## W4A16 Quantization and Compression ##

Using compressed-tensors, we can compress a quantized model to store it more efficiently on disk.

In this example, we run post-training quantization (PTQ) to quantize the weights of an example model to 4 bits. We then save a compressed version of the model on disk by packing each group of eight 4-bit weights into a single int32

By packing groups of eight 4-bit weights into a single int32, we can store a quantized model more efficiently on disk.

In [12]:
import torch
import os
from tqdm import tqdm
from compressed_tensors.quantization import (
    QuantizationConfig,
    QuantizationStatus,
    apply_quantization_config
)
from compressed_tensors.compressors import ModelCompressor
from transformers import AutoModelForCausalLM, AutoTokenizer, DefaultDataCollator
from datasets import load_dataset
from torch.utils.data import RandomSampler
from torch.utils.data import DataLoader

In [13]:
# load a dense, unquantized tiny llama model
device = "cuda:0"
model_name = "TinyLlama/TinyLlama-1.1B-intermediate-step-1431k-3T"
model = AutoModelForCausalLM.from_pretrained(model_name, device_map=device, torch_dtype=torch.bfloat16)
model

LlamaForCausalLM(
  (model): LlamaModel(
    (embed_tokens): Embedding(32000, 2048)
    (layers): ModuleList(
      (0-21): 22 x LlamaDecoderLayer(
        (self_attn): LlamaAttention(
          (q_proj): Linear(in_features=2048, out_features=2048, bias=False)
          (k_proj): Linear(in_features=2048, out_features=256, bias=False)
          (v_proj): Linear(in_features=2048, out_features=256, bias=False)
          (o_proj): Linear(in_features=2048, out_features=2048, bias=False)
        )
        (mlp): LlamaMLP(
          (gate_proj): Linear(in_features=2048, out_features=5632, bias=False)
          (up_proj): Linear(in_features=2048, out_features=5632, bias=False)
          (down_proj): Linear(in_features=5632, out_features=2048, bias=False)
          (act_fn): SiLU()
        )
        (input_layernorm): LlamaRMSNorm((2048,), eps=1e-05)
        (post_attention_layernorm): LlamaRMSNorm((2048,), eps=1e-05)
      )
    )
    (norm): LlamaRMSNorm((2048,), eps=1e-05)
    (rotary_emb): 

The following quantization config will be used to quantize all of the Linear layers to 4 bits, excluding the lm_head layer. 

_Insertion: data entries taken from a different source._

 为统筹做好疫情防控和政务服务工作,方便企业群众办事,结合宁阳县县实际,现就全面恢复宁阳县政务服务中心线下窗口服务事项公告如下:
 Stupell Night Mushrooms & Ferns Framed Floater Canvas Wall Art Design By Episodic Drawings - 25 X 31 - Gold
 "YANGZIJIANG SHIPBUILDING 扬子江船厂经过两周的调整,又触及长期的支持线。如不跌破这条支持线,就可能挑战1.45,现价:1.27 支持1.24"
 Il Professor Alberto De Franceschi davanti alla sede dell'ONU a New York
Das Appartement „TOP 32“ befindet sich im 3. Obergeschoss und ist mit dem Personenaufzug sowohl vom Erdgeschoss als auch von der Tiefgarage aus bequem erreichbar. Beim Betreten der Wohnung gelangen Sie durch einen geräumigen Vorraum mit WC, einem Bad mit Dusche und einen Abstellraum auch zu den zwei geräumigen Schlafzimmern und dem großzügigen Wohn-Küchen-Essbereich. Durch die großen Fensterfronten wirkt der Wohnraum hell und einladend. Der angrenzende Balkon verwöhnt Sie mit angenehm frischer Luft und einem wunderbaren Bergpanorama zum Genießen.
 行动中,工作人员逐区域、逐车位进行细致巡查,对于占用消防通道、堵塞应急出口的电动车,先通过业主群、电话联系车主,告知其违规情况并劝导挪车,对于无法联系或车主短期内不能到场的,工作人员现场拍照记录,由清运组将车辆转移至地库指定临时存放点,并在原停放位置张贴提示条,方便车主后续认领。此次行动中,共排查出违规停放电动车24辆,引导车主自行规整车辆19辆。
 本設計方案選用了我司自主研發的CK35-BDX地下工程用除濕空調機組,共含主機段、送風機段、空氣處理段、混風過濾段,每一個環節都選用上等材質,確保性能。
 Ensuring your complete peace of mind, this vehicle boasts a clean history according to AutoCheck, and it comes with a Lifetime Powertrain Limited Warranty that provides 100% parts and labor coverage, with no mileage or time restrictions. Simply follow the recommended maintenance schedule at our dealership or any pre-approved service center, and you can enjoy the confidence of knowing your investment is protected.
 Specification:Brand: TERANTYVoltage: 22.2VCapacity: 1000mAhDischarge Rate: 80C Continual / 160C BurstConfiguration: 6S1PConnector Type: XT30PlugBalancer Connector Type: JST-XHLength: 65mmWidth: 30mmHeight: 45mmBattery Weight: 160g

The `format` argument is set to `pack-quantized`, indicating that when the model is saved we should use the `PackedQuantizationCompressor` which will pack every eight 4-bit weights into an `int32`. 

This will give us a compression ratio of 8x on each Linear layer compared to the unquantized `float32` representation

In [14]:
quantization_config_dict = {
	"quant_method": "compressed-tensors",
	"format": "pack-quantized",
	"global_compression_ratio": None,
	"config_groups": {
        "group_1": {
            "weights": {
                "num_bits": 4,
                "type": "int",
                "symmetric": False,
                "strategy": "tensor"
            },
            "targets": ["Linear"]
        }
    },
	"ignore": ["lm_head"]
}

In [15]:
# setup the loaded model for quantization calibration

config = QuantizationConfig(**quantization_config_dict)
config.quantization_status = QuantizationStatus.CALIBRATION
apply_quantization_config(model, config)

In [16]:
# create a dataloader of calibration data

dataset = load_dataset("ptb_text_only", trust_remote_code=True)["train"]
tokenizer = AutoTokenizer.from_pretrained(model_name)

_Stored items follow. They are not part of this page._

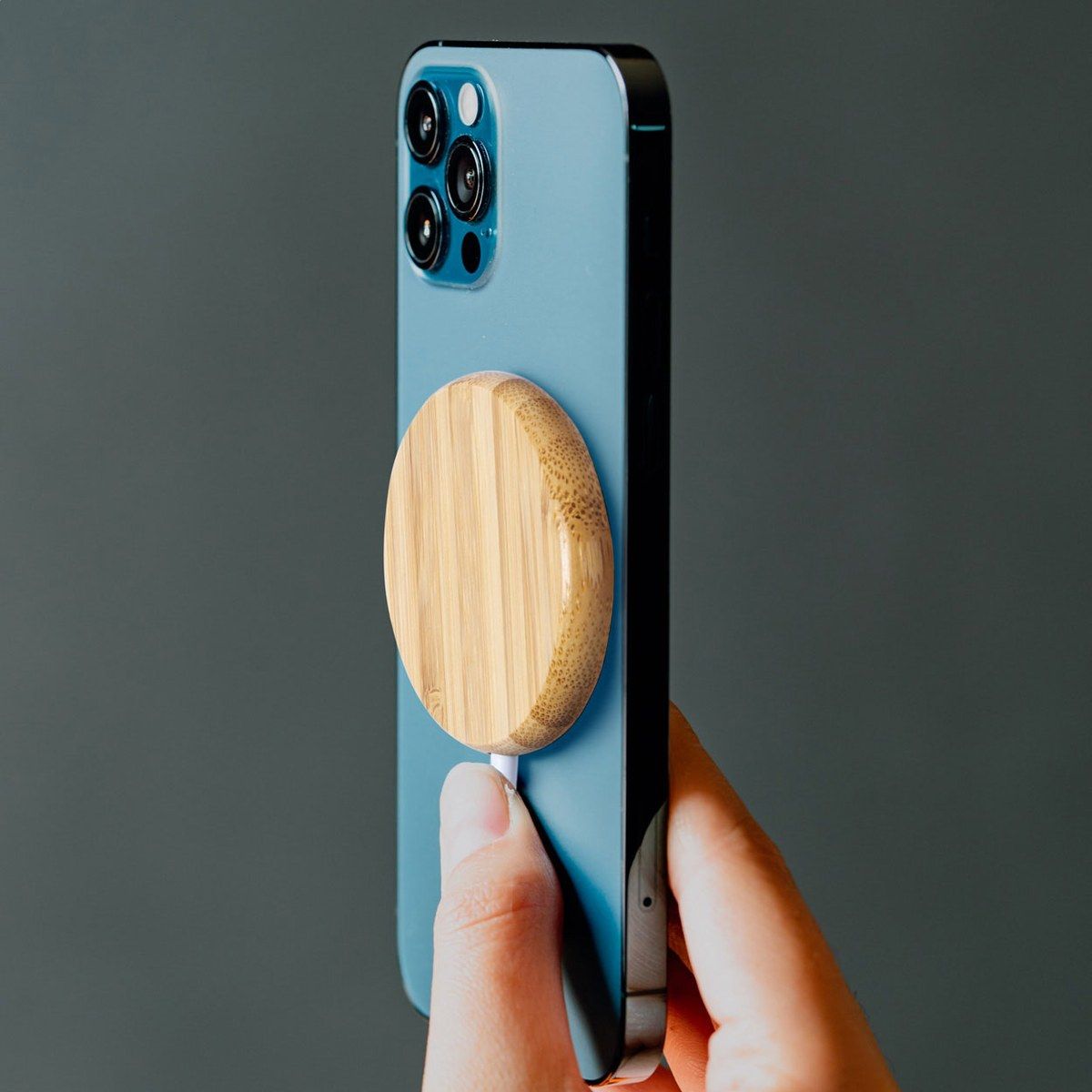 Magnetická bezdrátová rychlá nabíječka (10W) v bambusovém pouzdře s LED kontrolkou nabíjení. Včetně samolepicího kovového kroužku pro použití magnetické funkce na jakémkoli bezdrátově nabíjitelném zařízení. Včetně USB nabíjecího kabelu.
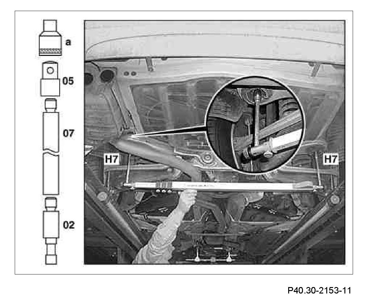 4 Measure distance dimension (H7) from the centering point of the Torx bolt heads between the rear bearings of the rear axle carrier.
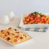 - Sivri biberleri ikiye bölüp patateslerin üzerlerine yerleştirin..
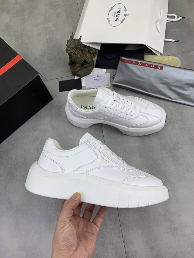 工厂p价p 实价 顶级版本 官网爆款上市, 潮牌 普拉达prada 主推爆款,前卫百搭时尚男鞋私版开模,牛皮面拼接1:1..时尚干脆、原版进口牛皮内里牛皮垫脚;大气个性更潮更抢眼更追求档次,它将颠覆旧念,与您共度时尚潮人必备 高大上的舒适大低,高端品质做工。官网新款高端大底 码数:38-45 黑色 白色可选。 DDD
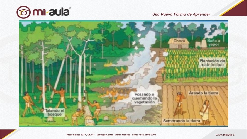 La tecnología maya En la zona selvática y pantanosa, utilizaron el sistema de roza (cortar y quemar), Es un simple proceso de talar la selva, dejar secar los arboles y arbustos para quemarlos después en sus lugares y sembrar en este terreno. Después de algunos años se acaba la fertilidad y se cambia el lugar del campo de maíz. A los campos de cultivo se les llamaba milpas se desarrollaban multicultivos, como frijol, maíz, calabazas y ajíes.
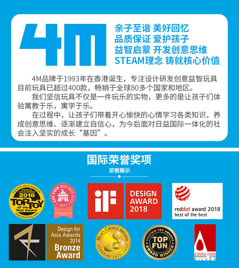 4M科文实业于1993年成立于香港,专注益智玩具的设计与研发,经过20多年的历史沉淀,4M产品超过400多款,种类横跨环保科学、动力机器人、考古历史、太空天文和美术创意等,畅销全球80多个国家和地区。

def tokenize_function(examples):
    return tokenizer(examples["sentence"], padding=False, truncation=True, max_length=1024)

tokenized_dataset = dataset.map(tokenize_function, batched=True)

data_loader = DataLoader(
    tokenized_dataset, batch_size=1, collate_fn=DefaultDataCollator(), sampler=RandomSampler(tokenized_dataset)
)

In [17]:
# calibrate scale and zero points for quantization using a small amount of train data
num_calibration_samples = 512

with torch.no_grad():
    for idx, sample in tqdm(enumerate(data_loader), desc="Running calibration"):
        sample = {key: value.to(device) for key,value in sample.items()}
        _ = model(**sample)

        if idx >= num_calibration_samples:
            break

# freeze scale and zero points after calibration
# model.apply(freeze_module_quantization)

Running calibration: 512it [00:58,  8.82it/s]


After running calibration, each quantized layer will have a new scale and zero_point parameter as shown below.

Notice that at this point, the weight itself is still a floating point and has not been quantized. 

To convert the weights to an integer type, we need to apply the `compress_model` function. After compressing the weights, a forward pass of the model can no longer be run in PyTorch.

After compressing the quantized model with the `pack-quantized` format, weights are represented as logical int4 values packed into int32 containers ( `weight_packed` ), with the original shape recorded in `weight_shape`.

This packed representation is what gets saved to disk when using ModelCompressor.compress_model(model).

In [18]:
state_dict = model.state_dict()
example_layer = "model.layers.0.self_attn.q_proj.weight"
scale = state_dict[example_layer + "_scale"]
zero_point = state_dict[example_layer + "_zero_point"]
weight = state_dict[example_layer]
print(f"Scale: {scale}, Zero Point: {zero_point}")
print(f"Weight min: {torch.min(weight)} max: {torch.max(weight)} dtype: {weight.dtype}")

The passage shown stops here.